La représentation française à Jérusalem a qualifié de “profondément choquantes” les “violations policières” à l’hôpital Saint-Joseph.

“Les forces d’occupation ne se sont pas cantonnées à Shireen (…) mais elles ont terrorisé ceux qui les ont accompagnées jusqu’à leur dernière mort”, ont affirmé les affaires étrangères du Qatar.

Après l’intervention de la police, la foule a accompagné le garde jusqu’à une église de la Vieille Ville où se tenait une foire, avant d’être détenue au cimetière.

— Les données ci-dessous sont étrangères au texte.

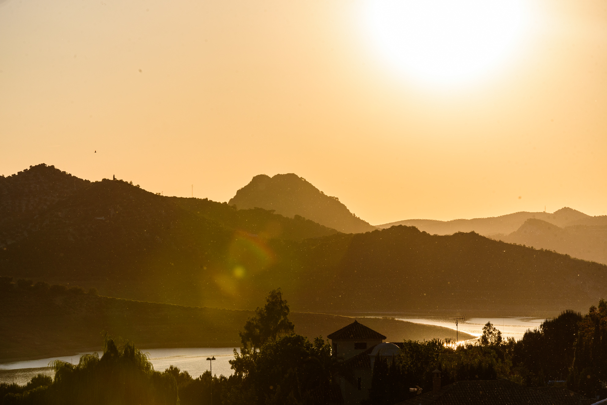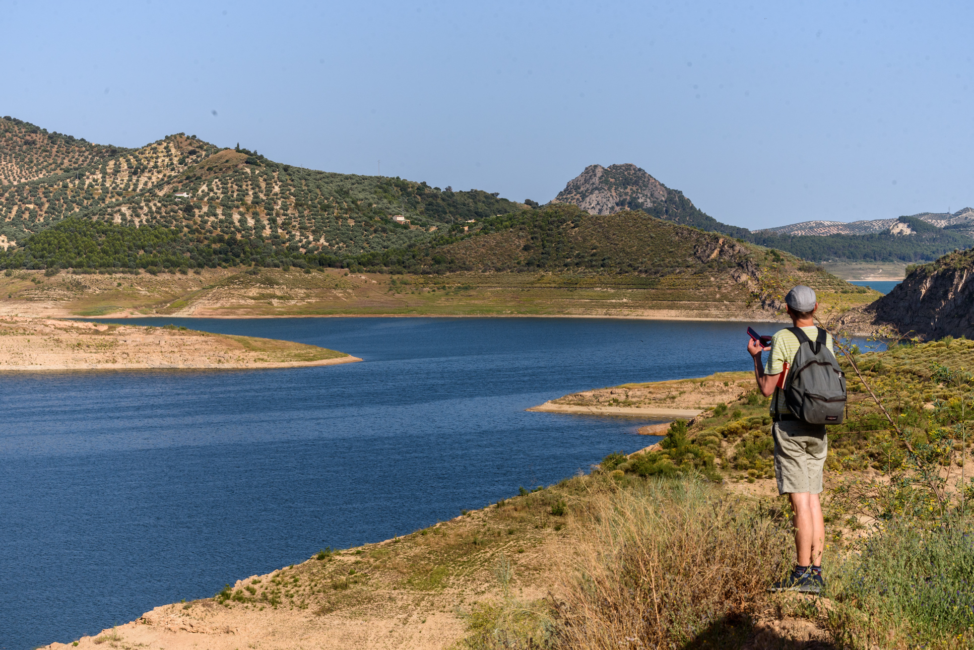 El embalse de Iznájar y los riscos que le rodean un momento al atardecer. El primer día, si el tiempo lo permite y no hay nubes, disfrutar del atardecer mirando hacia el oeste y ver cómo se reflejan los últimos rayos de luz sobre las aguas del embalse, es uno de esos momentos pasajeros que dejarán huella en la memoria viajera del visitante.
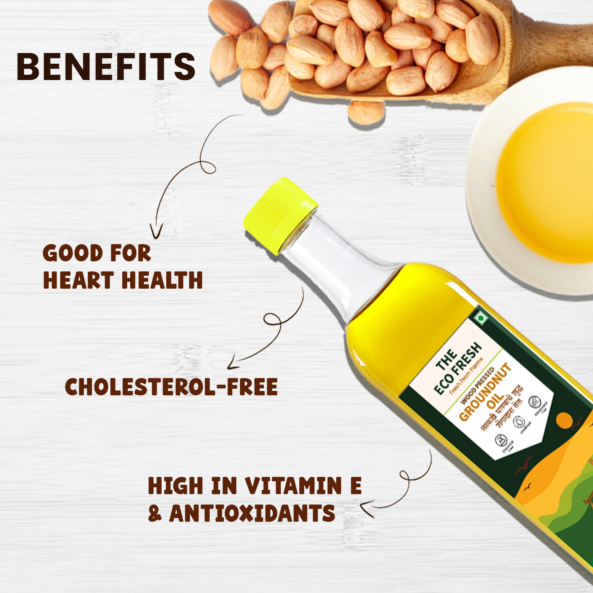 refined oils. Here are the key benefits of using wood-pressed groundnut oil:

Les sapeurs-pompiers du journaliste de 51 ans ont eu lieu alors que de nouveaux heurts se produisaient à et aux alentours de Jénine.

Un policier israélien a été tué lors d’une opération de l’armée israélienne à Burqin “contre des terroristes”, selon un communiqué officiel. Le groupe militant palestinien Jihad a indiqué que ses combattants ont été tués.

Dans le camp de réfugiés de Jénine, 13 Palestiniens ont été blessés, selon le ministère palestinien de la Santé.

L’armée israélienne a affirmé avoir lancé plusieurs opérations pour appréhender les Palestiniens qui fouillaient dans le camp de Jénine, un bastion des factions de l’armée palestinienne qui étaient à l’origine les auteurs des récents massacres en Israël.

Enquêtes

La mort de Shireen Abu Akleh a suscité une vague d’émotion dans les Territoires palestiniens, dans le monde arabe où ses reportages sont suivis depuis plus de deux décennies, en Europe et aux Etats-Unis. Plusieurs appels à une enquête “transparente” ont été lancés.

Selon un communiqué publié vendredi par le bureau du procureur général palestinien à Ramallah aux États-Unis, “les premiers résultats de l’enquête sur la scène du crime ont montré que la seule source d’incendie était les forces d’occupation israéliennes”.

Avant lui, l’armée israélienne avait indiqué qu’il n’était pas possible de déterminer dans l’immédiat les suites immédiates des résultats de son enquête. Le tir pourrait également être d’origine palestinienne et israélienne, selon elle.

Les autorités israéliennes se plaignent de remettre le ballon afin de procéder à un examen balistique. Ils ont suggéré que des experts palestiniens et américains soient présents lors de l’examen.

Mais le président de l’Autorité palestinienne, Mahmoud Abbas, a rejeté une enquête conjointe avec Israël. “Les autorités israéliennes ont commis ce crime et nous ne leur faisons pas confiance.”

Des manifestations contre la mort du journaliste ont eu lieu dans plusieurs pays et dans les Territoires palestiniens.

Sur le toit d’un meuble de la place centrale de Ramallah en Cisjordanie, le panneau d’affichage public affiche un portrait du journaliste, accompagné d’un message : “A la Revue Shireen, à la Revue de la Voix de la Palestine”.